= Work instruction =
The copy you return must match the listing word for word and carry no pictures.

= Information shown =
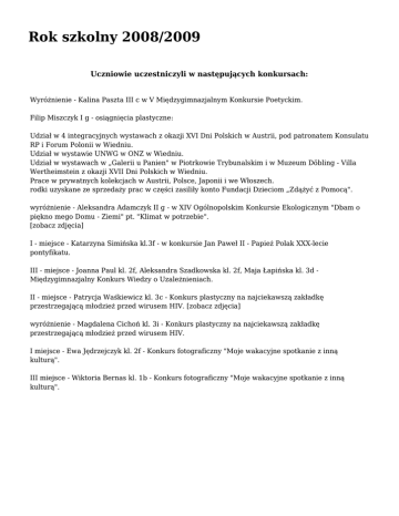 Rok szkolny 2008/2009 Uczniowie uczestniczyli w następujących konkursach: Wyróżnienie - Kalina Paszta III c w V Międzygimnazjalnym Konkursie Poetyckim. Filip Miszczyk I g - osiągnięcia plastyczne: Udział w 4 integracyjnych wystawach z okazji XVI Dni Polskich w Austrii, pod patronatem Konsulatu RP i Forum Polonii w Wiedniu. Udział w wystawie UNWG w ONZ w Wiedniu. Udział w wystawach w „Galerii u Panien" w Piotrkowie Trybunalskim i w Muzeum Döbling - Villa Wertheimstein z okazji XVII Dni Polskich w Wiedniu. Prace w prywatnych kolekcjach w Austrii, Polsce, Japonii i we Włoszech. rodki uzyskane ze sprzedaży prac w części zasiliły konto Fundacji Dzieciom „Zdążyć z Pomocą". wyróżnienie - Aleksandra Adamczyk II g - w XIV Ogólnopolskim Konkursie Ekologicznym "Dbam o piękno mego Domu - Ziemi" pt. "Klimat w potrzebie". [zobacz zdjęcia] I - miejsce - Katarzyna Simińska kl.3f - w konkursie Jan Paweł II - Papież Polak XXX-lecie pontyfikatu. III - miejsce - Joanna Paul kl. 2f, Aleksandra Szadkowska kl. 2f, Maja Łapińska kl. 3d Międzygimnazjalny Konkurs Wiedzy o Uzależnieniach. II - miejsce - Patrycja Waśkiewicz kl. 3c - Konkurs plastyczny na najciekawszą zakładkę przestrzegającą młodzież przed wirusem HIV. [zobacz zdjęcia] wyróżnienie - Magdalena Cichoń kl. 3i - Konkurs plastyczny na najciekawszą zakładkę przestrzegającą młodzież przed wirusem HIV. I miejsce - Ewa Jędrzejczyk kl. 2f - Konkurs fotograficzny "Moje wakacyjne spotkanie z inną kulturą". III miejsce - Wiktoria Bernas kl. 1b - Konkurs fotograficzny "Moje wakacyjne spotkanie z inną kulturą".
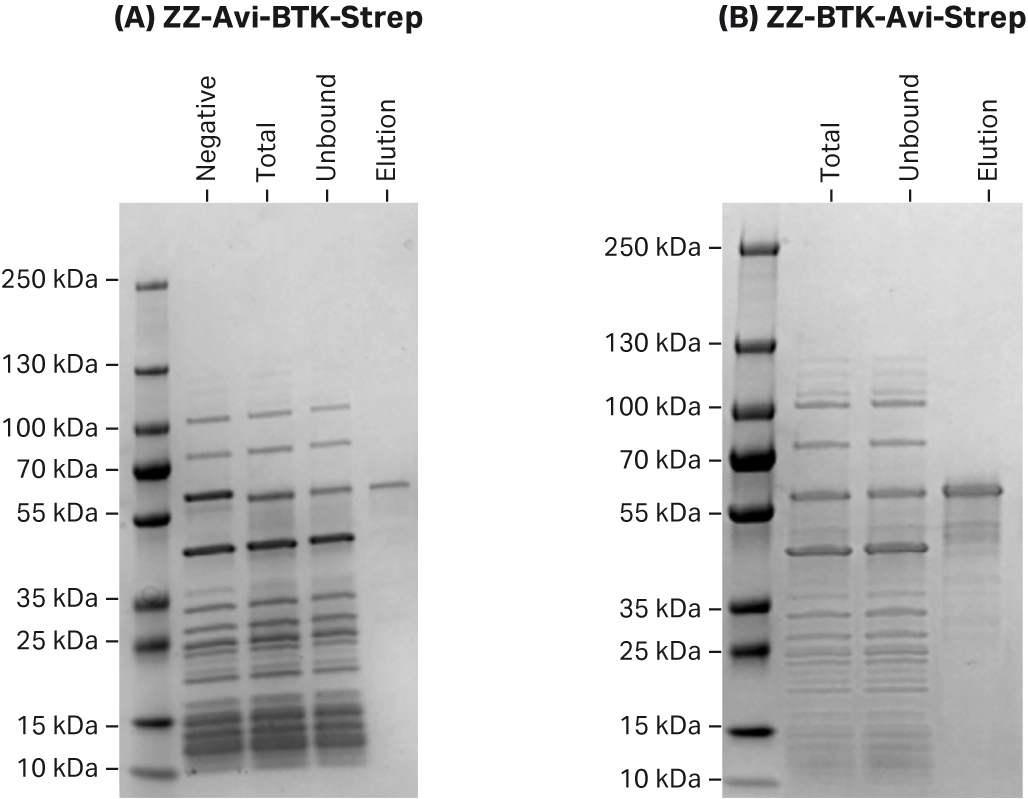 Figure 4. SDS-PAGE analysis of scaled-up Avi-tagged BTK(BTK (392-659) using the eProtein Discovery™ system. (A) N-terminal Avi-tagged BTK and (B) C-terminal Avi-tagged BTK, both expressed with the ZZ solubility tag and buffer-only conditions.
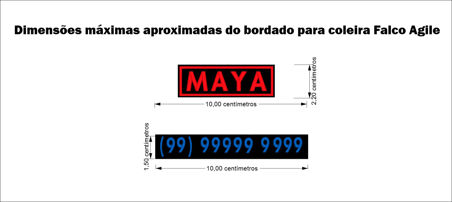 Nas imagens abaixo a exemplificação do local onde são fixados os bordados na coleira:
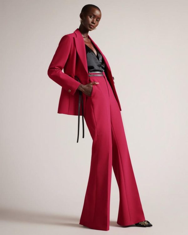 A fusion of retro and modern styles, you can strut your stuff in HALLEIT. Kick flare trousers with a little something extra, these feature front pleats, split hems on the back and an asymmetric belted waist.
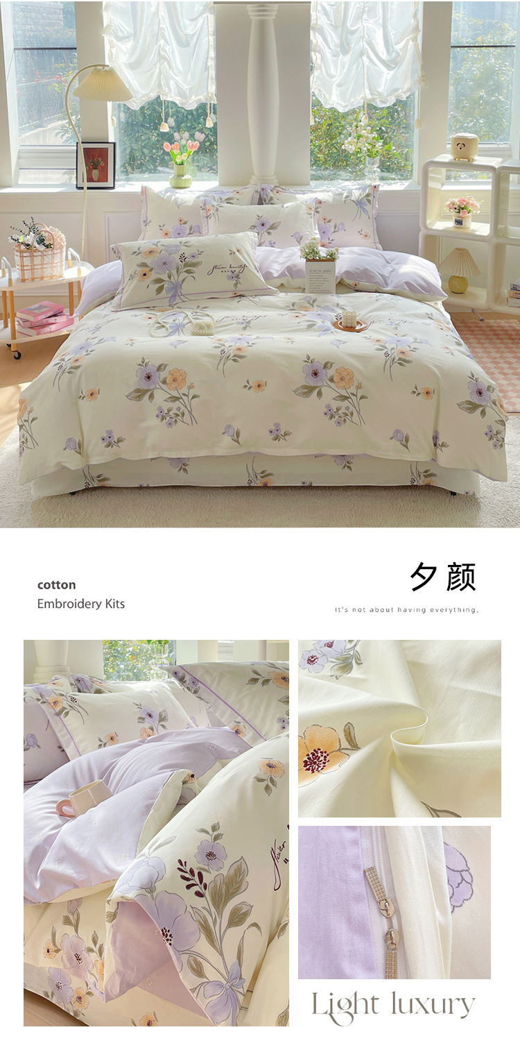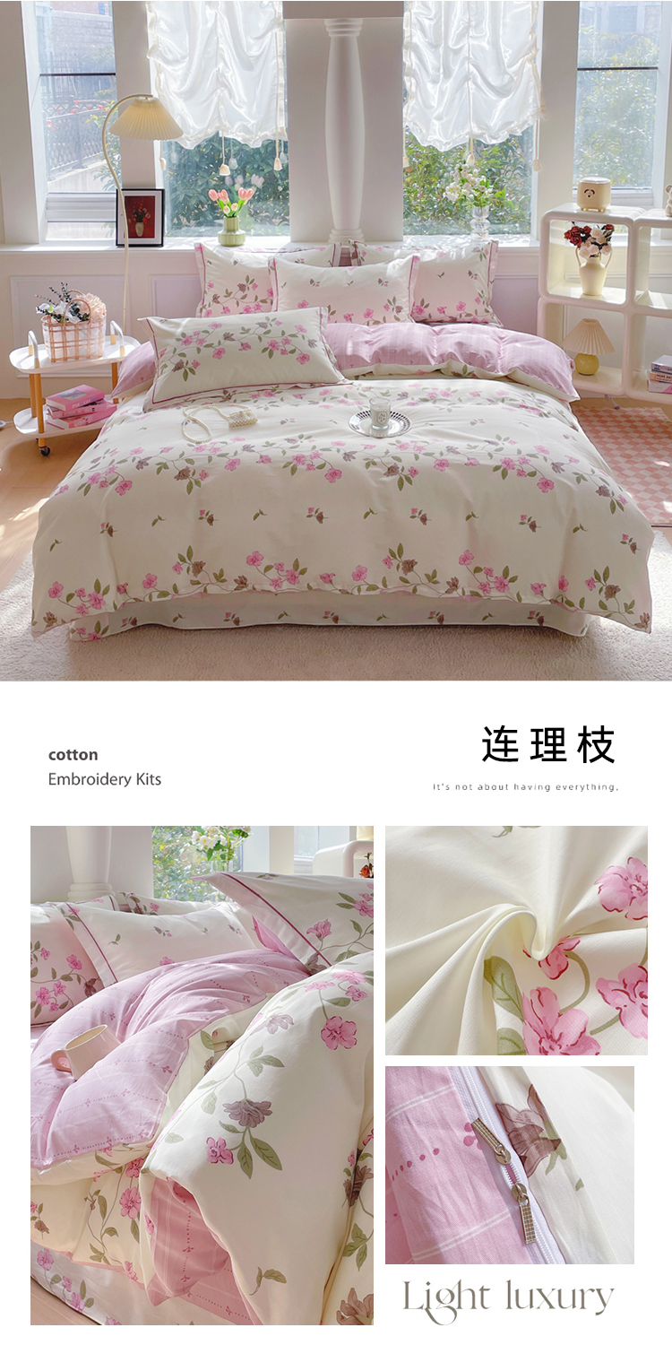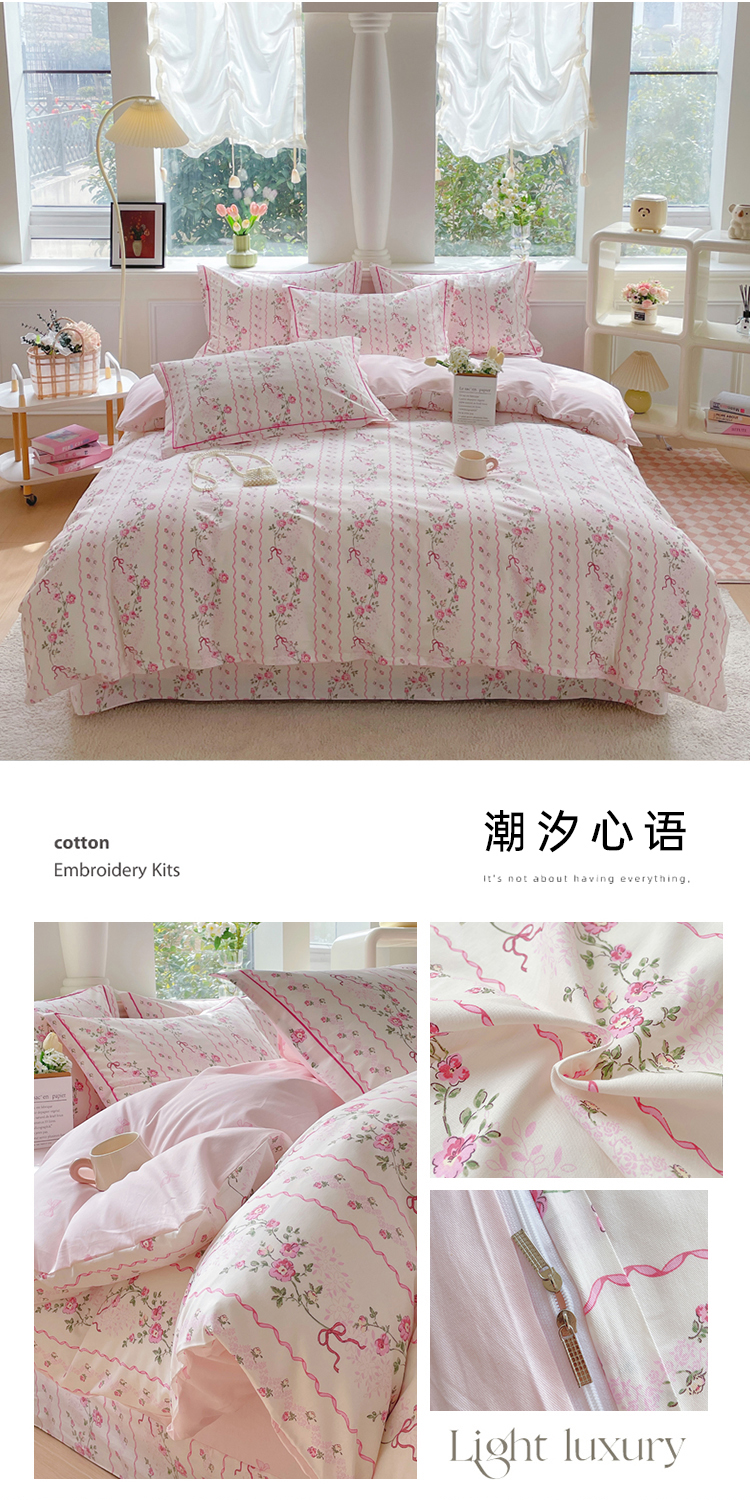 铭博家纺 新款直播爆款网红全棉四件套13070印花吊边一字绣纯棉被套工艺款 花语呢喃,花语呢喃

= Exercise solution =
 Rok szkolny 2008/2009 Uczniowie uczestniczyli w następujących konkursach: Wyróżnienie - Kalina Paszta III c w V Międzygimnazjalnym Konkursie Poetyckim. Filip Miszczyk I g - osiągnięcia plastyczne: Udział w 4 integracyjnych wystawach z okazji XVI Dni Polskich w Austrii, pod patronatem Konsulatu RP i Forum Polonii w Wiedniu. Udział w wystawie UNWG w ONZ w Wiedniu. Udział w wystawach w „Galerii u Panien" w Piotrkowie Trybunalskim i w Muzeum Döbling - Villa Wertheimstein z okazji XVII Dni Polskich w Wiedniu. Prace w prywatnych kolekcjach w Austrii, Polsce, Japonii i we Włoszech. rodki uzyskane ze sprzedaży prac w części zasiliły konto Fundacji Dzieciom „Zdążyć z Pomocą". wyróżnienie - Aleksandra Adamczyk II g - w XIV Ogólnopolskim Konkursie Ekologicznym "Dbam o piękno mego Domu - Ziemi" pt. "Klimat w potrzebie". [zobacz zdjęcia] I - miejsce - Katarzyna Simińska kl.3f - w konkursie Jan Paweł II - Papież Polak XXX-lecie pontyfikatu. III - miejsce - Joanna Paul kl. 2f, Aleksandra Szadkowska kl. 2f, Maja Łapińska kl. 3d Międzygimnazjalny Konkurs Wiedzy o Uzależnieniach. II - miejsce - Patrycja Waśkiewicz kl. 3c - Konkurs plastyczny na najciekawszą zakładkę przestrzegającą młodzież przed wirusem HIV. [zobacz zdjęcia] wyróżnienie - Magdalena Cichoń kl. 3i - Konkurs plastyczny na najciekawszą zakładkę przestrzegającą młodzież przed wirusem HIV. I miejsce - Ewa Jędrzejczyk kl. 2f - Konkurs fotograficzny "Moje wakacyjne spotkanie z inną kulturą". III miejsce - Wiktoria Bernas kl. 1b - Konkurs fotograficzny "Moje wakacyjne spotkanie z inną kulturą".
 Figure 4. SDS-PAGE analysis of scaled-up Avi-tagged BTK(BTK (392-659) using the eProtein Discovery™ system. (A) N-terminal Avi-tagged BTK and (B) C-terminal Avi-tagged BTK, both expressed with the ZZ solubility tag and buffer-only conditions.
 Nas imagens abaixo a exemplificação do local onde são fixados os bordados na coleira:
 A fusion of retro and modern styles, you can strut your stuff in HALLEIT. Kick flare trousers with a little something extra, these feature front pleats, split hems on the back and an asymmetric belted waist.
 铭博家纺 新款直播爆款网红全棉四件套13070印花吊边一字绣纯棉被套工艺款 花语呢喃,花语呢喃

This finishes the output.